WORK TO COMPLETE: Could you repeat the data word for word while skipping the pictures?

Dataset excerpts
.....

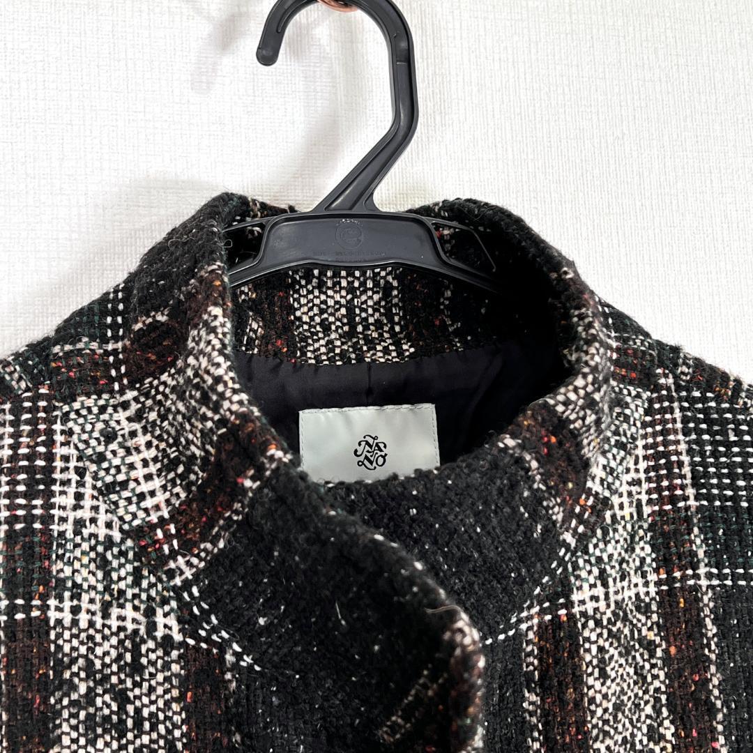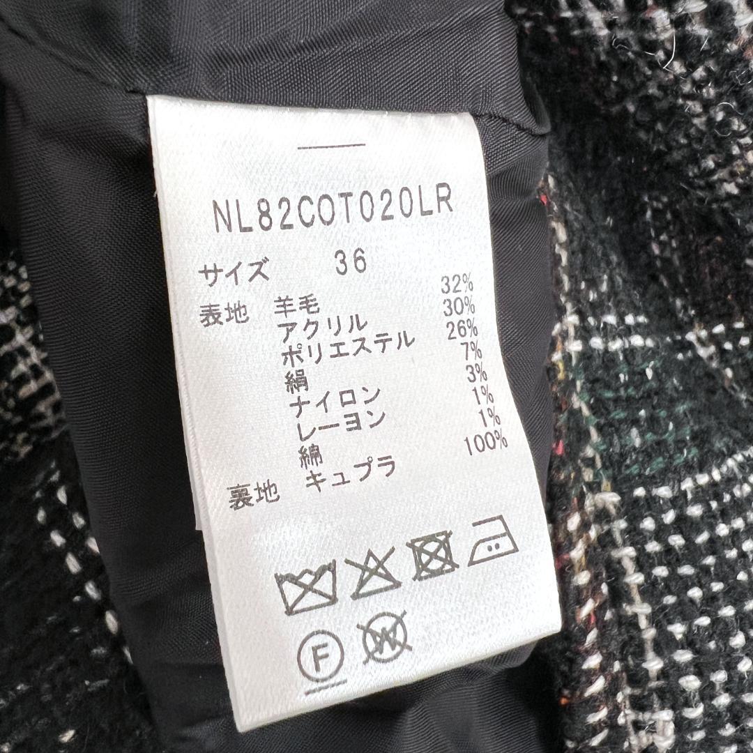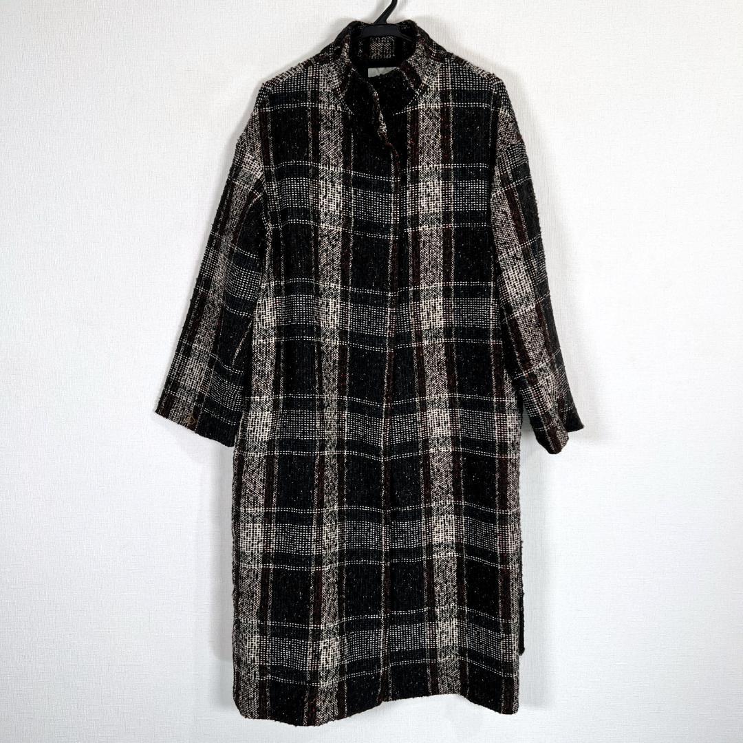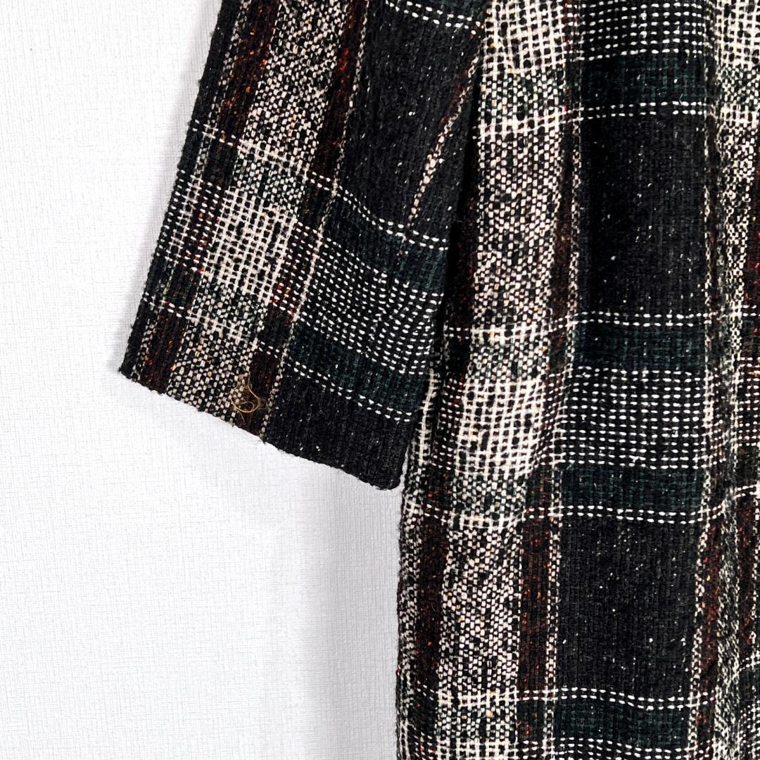 【nano universe】ナノユニバース 黒 ブラック系 ツイード チェック柄 ロングコート ジャケット レディース 女性用 36【c009】
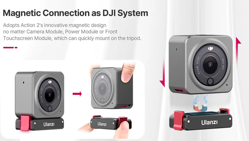 The Ulanzi 2846A Magnetic 1/4"-20 Base adds fast, secure magnetic mounting to DJI Action 2, 3, and 4 cameras, allowing easy attachment to tripods, magic arms, and other supports.
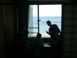 お昼ご飯です。海は多少荒れていますが,天気の方はまだもっています。お腹すいたと...
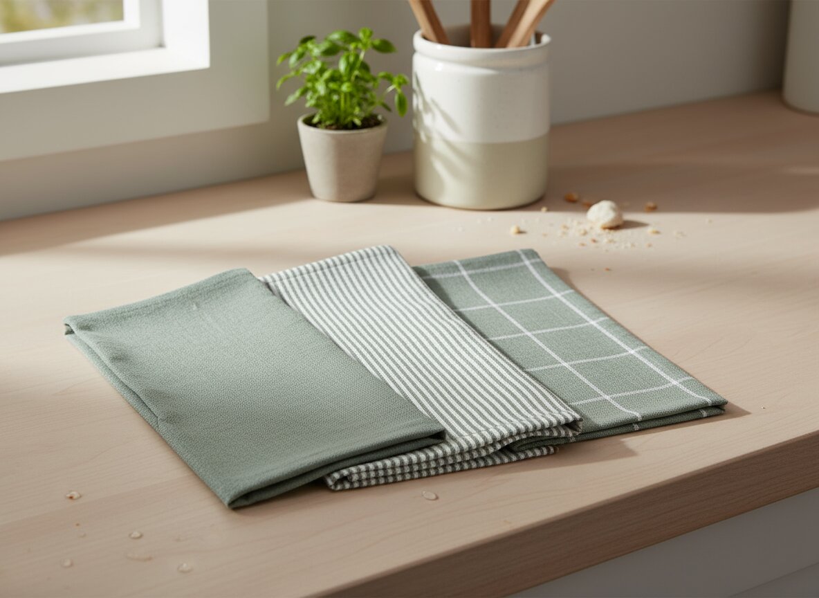 Sada 3 kusů o rozměrech 45 × 65 cm. - Zdobené odstíny zelené barvy s jemným kostkovaným a pruhovaným vzorem. - Univerzální design, který se hodí do každého interiéru. Praktické, savé a odolné – ideální pro každodenní použití.Sada zelených kuchyňských utěrek, 3 kusy, 45 × 65 cm.Hledáte funkční a...
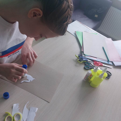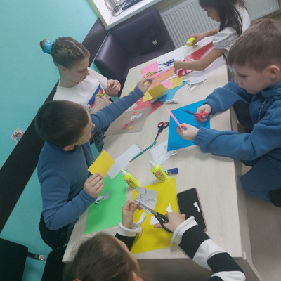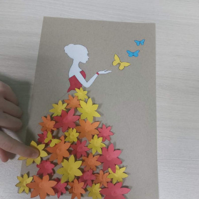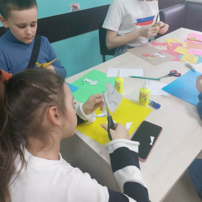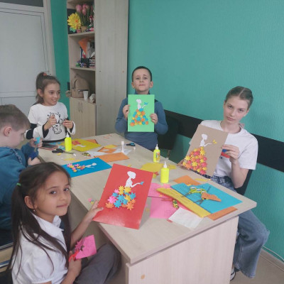 Участники кружка «Умей-ка» изготовили яркую весеннюю композицию, использую заранее подготовленные трафареты цветов, бабочек и других элементов.
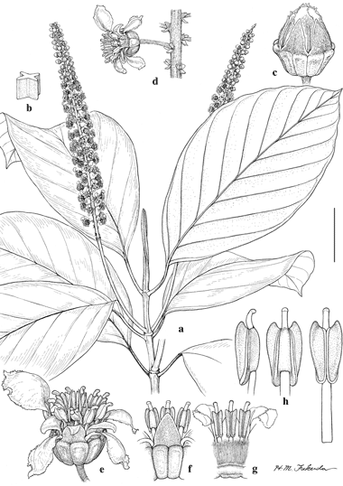 Acmanthera cowanii. a. Flowering branch. b. Stipular sheath in cross-section. c. Opening flower bud. d. Flower in inflorescence, side view, posterior petal uppermost. e. Flower, posterior petal at upper left. f. Sepal and stamens, abaxial view. g. Stamens in flower, adaxial view with gynoecium removed. h. Anthers in lateral (left), abaxial (center), and adaxial (right) views. Scale bar equivalents: a, 4 cm; b, 1 cm; c, 4 mm; d, 8 mm; e–g, 4 mm; h, 2 mm.—Based on Cowan 38597, NY. Drawn by H. M. Fukuda. First published in Contr. Univ. Michigan Herb. 11: 46. 1975; reproduced with permission of the author.
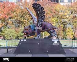And I saw a beast coming up out of the sea, having seven heads and ten horns, and upon his horns ten diadems, and upon his heads names of blasphemy. [2] And the beast, which I saw, was like to a leopard, and his feet were as the feet of a bear, and his mouth as the mouth of a lion. And the dragon gave him his own strength, and great power. [3] And I saw one of his heads as it were slain to death: and his death's wound was healed. And all the earth was in admiration after the beast. [4] And they adored the dragon, which gave power to the beast: and they adored the beast, saying: Who is like to the beast? and who shall be able to fight with him? [5] And there was given to him a mouth speaking great things, and blasphemies: and power was given to him to do two and forty months.

.....

OUTPUT BELOW:
 【nano universe】ナノユニバース 黒 ブラック系 ツイード チェック柄 ロングコート ジャケット レディース 女性用 36【c009】
 The Ulanzi 2846A Magnetic 1/4"-20 Base adds fast, secure magnetic mounting to DJI Action 2, 3, and 4 cameras, allowing easy attachment to tripods, magic arms, and other supports.
 お昼ご飯です。海は多少荒れていますが,天気の方はまだもっています。お腹すいたと...
 Sada 3 kusů o rozměrech 45 × 65 cm. - Zdobené odstíny zelené barvy s jemným kostkovaným a pruhovaným vzorem. - Univerzální design, který se hodí do každého interiéru. Praktické, savé a odolné – ideální pro každodenní použití.Sada zelených kuchyňských utěrek, 3 kusy, 45 × 65 cm.Hledáte funkční a...
 Участники кружка «Умей-ка» изготовили яркую весеннюю композицию, использую заранее подготовленные трафареты цветов, бабочек и других элементов.
 Acmanthera cowanii. a. Flowering branch. b. Stipular sheath in cross-section. c. Opening flower bud. d. Flower in inflorescence, side view, posterior petal uppermost. e. Flower, posterior petal at upper left. f. Sepal and stamens, abaxial view. g. Stamens in flower, adaxial view with gynoecium removed. h. Anthers in lateral (left), abaxial (center), and adaxial (right) views. Scale bar equivalents: a, 4 cm; b, 1 cm; c, 4 mm; d, 8 mm; e–g, 4 mm; h, 2 mm.—Based on Cowan 38597, NY. Drawn by H. M. Fukuda. First published in Contr. Univ. Michigan Herb. 11: 46. 1975; reproduced with permission of the author.
And I saw a beast coming up out of the sea, having seven heads and ten horns, and upon his horns ten diadems, and upon his heads names of blasphemy. [2] And the beast, which I saw, was like to a leopard, and his feet were as the feet of a bear, and his mouth as the mouth of a lion. And the dragon gave him his own strength, and great power. [3] And I saw one of his heads as it were slain to death: and his death's wound was healed. And all the earth was in admiration after the beast. [4] And they adored the dragon, which gave power to the beast: and they adored the beast, saying: Who is like to the beast? and who shall be able to fight with him? [5] And there was given to him a mouth speaking great things, and blasphemies: and power was given to him to do two and forty months.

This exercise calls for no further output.